Bis auf Weiteres bleiben die Bildungsdaten, was geschlechtsspezifische Bildungserfolge oder -misserfolge betrifft, deshalb unerklärt. Das scheint sogenannte Bildungsforscher nicht zu stören. Hauptsache, die Schutzklientel der politischen Korrektheit, darunter Lehrerinnen, bleiben außerhalb jeder Betrachtung, die auch nur auf einen ErklärungsVERSUCH hinauslaufen könnte!
Dass das mit Wissenschaft nicht vereinbar ist, ist klar, aber dass bestimmte öffentliche Einrichtungen wir Hochschulen (vielleicht) einmal zur Pflege der Wissenschaft eingerichtet wurden, bedeutet nicht notwendigerweise, dass dort auch Wissenschaft betrieben würde – DAS ist auch ein non sequitur!
Also, ich bin Gymnasiallehrer (in Bayern), u.a. für Deutsch, mit mehr als 30 Jahren Berufserfahrung.

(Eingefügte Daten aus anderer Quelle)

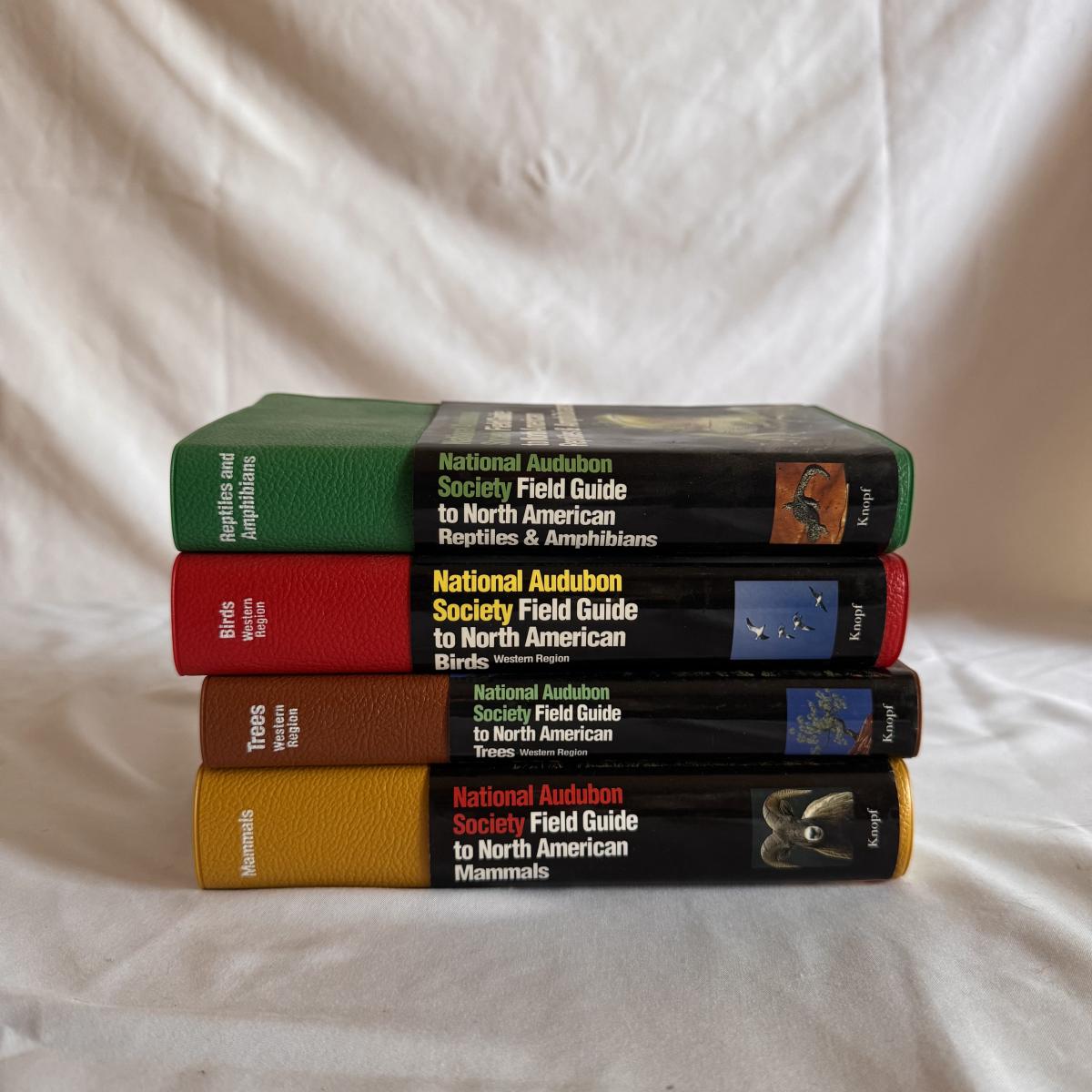 Lot includes four National Audubon Society North American field guides on birds, mammals, trees, reptiles and amphibians. It also includes TRAQ binoculars model no. 3001. They are capable of spotting 353ft at 1000 yds. When fully extended, they measure 7” x 2” x 6”H. Shipping available.
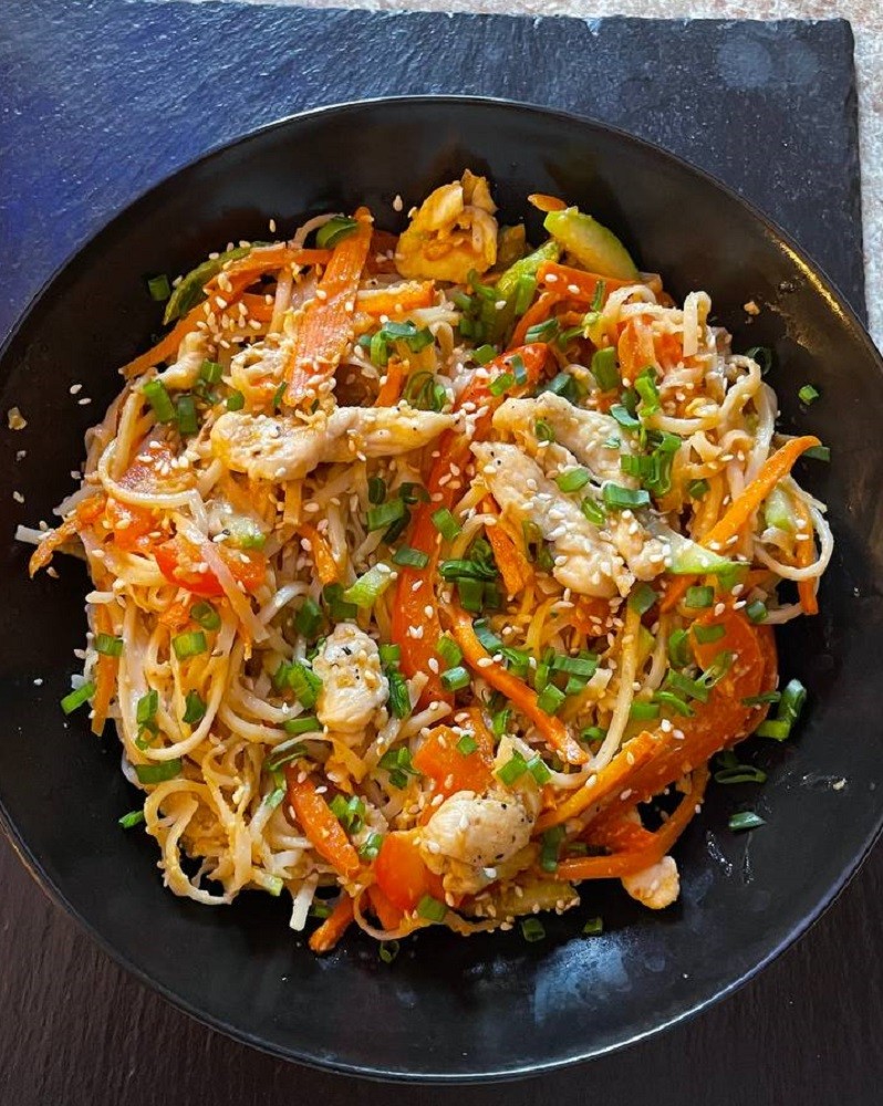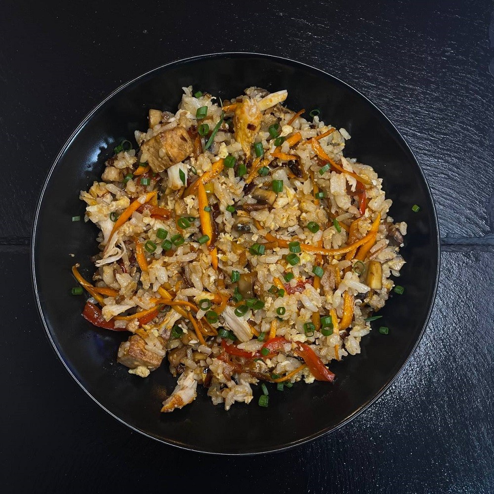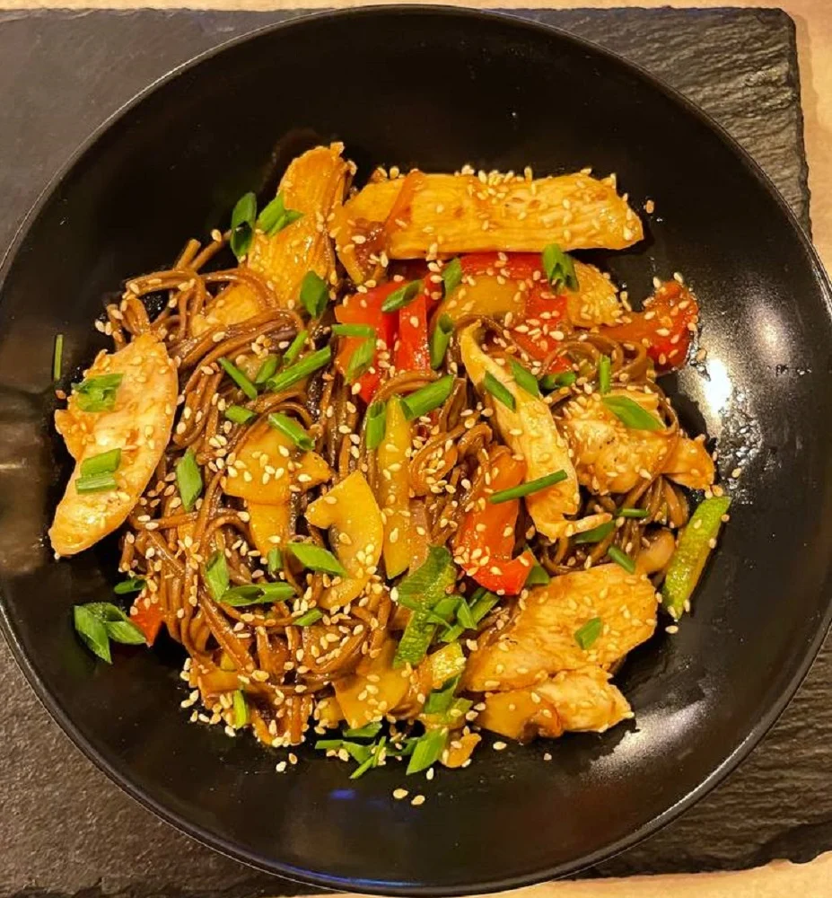 Курка, борошно пшеничне, соєвий соус, соус теріякі, рис, цибуля зелена, кунжут.

Und manchmal denke ich mir, wenn ich wahrnehme, was etlichen (nicht allen!) Kolleginnen im Fach Deutsch wichtig ist und wie sie das einfordern: „Der Frau möchte ich als Schüler nicht in die Hände gefallen sein.“
Für Jungs ist die Welt in der Regel einfach und klar, und sie versuchen das in ihren Texten kurz und knapp auf den Begriff zu bringen. Mit anderen Worten: Es sind einfach andere Texte, die Jungen produzieren: kürzer, fehlerhafter, weniger regelkonform. Lehrerinnen wollen aber, dass die Kinder ihre Vorgaben genau so wie unterrichtet umsetzen, und sie bevorzugen dabei dann auch noch „elaborierten Code“. Jungen sind oft generell aufsässiger, ungehorsamer, halten sich nicht so strikt an Regeln wie die oft strebsamen, fleißigen, angepassten Mädchen, und deswegen bekommen sie gerade von Lehrerinnen die schlechteren Noten. Diese benachteiligen die Jungen nicht bewusst. Aber in ihrer Wahrnehmung, die wiederum zusammenhängt, wie sie selber in ihrer Schulzeit und im Studium geprägt worden sind, ist das, was Jungen formulieren (schlechte Handschrift kommt noch dazu), einfach tendenziell schlechter als die Leistung vieler Mädchen. Wobei die Grundschullehrerinnen noch einmal eine ganz spezielle Auswahl aus allen Abiturientinnen darstellen. Eine meiner Töchter hat Tiermedizin studiert, die andere – als Zweitstudium – Grundschullehrerin: Was sie von ihren Studienkolleginnen erzählt haben, (Sozialverhalten, Kooperationsbereitschaft), hat sich diametral unterschieden. Grundschulstudentinnen sind fleißig, angepasst, willige Ausführende von Vorgaben, ohne groß zu hinterfragen oder sich gar aufzulehnen. Und sie sind auf Konkurrenz gepolt seit ihrer Schulzeit. Befriedigende, gar gute Noten sind ihnen nicht zugeflogen. Und genau in diesem Geist erziehen sie auch.
(Klar ist natürlich, dass meine Aussagen verallgemeinern. Aber so p mal Daumen bin ich überzeugt von ihrer richtigen Tendenz.)